**Prompt:** Restate the full listing word for word and leave the pictures out.

** Opening Dataset excerpt block **

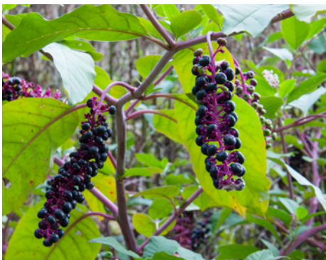
Pokeberry.

To learn what young forest looks and “feels” like, visit a habitat demonstration area near you.
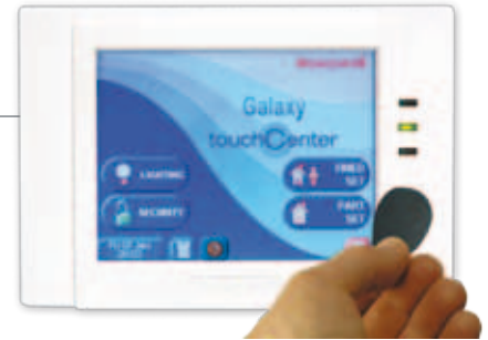
Quick and secure set/unset with PIN code or Prox tag
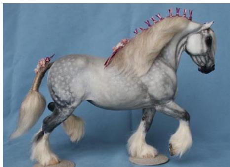
CHAMPION DRAFT BREED: RM NUCLEAR WINTER (KW)

** Closing Dataset excerpt block **

**Written answer:**
Pokeberry.

To learn what young forest looks and “feels” like, visit a habitat demonstration area near you.
Quick and secure set/unset with PIN code or Prox tag
CHAMPION DRAFT BREED: RM NUCLEAR WINTER (KW)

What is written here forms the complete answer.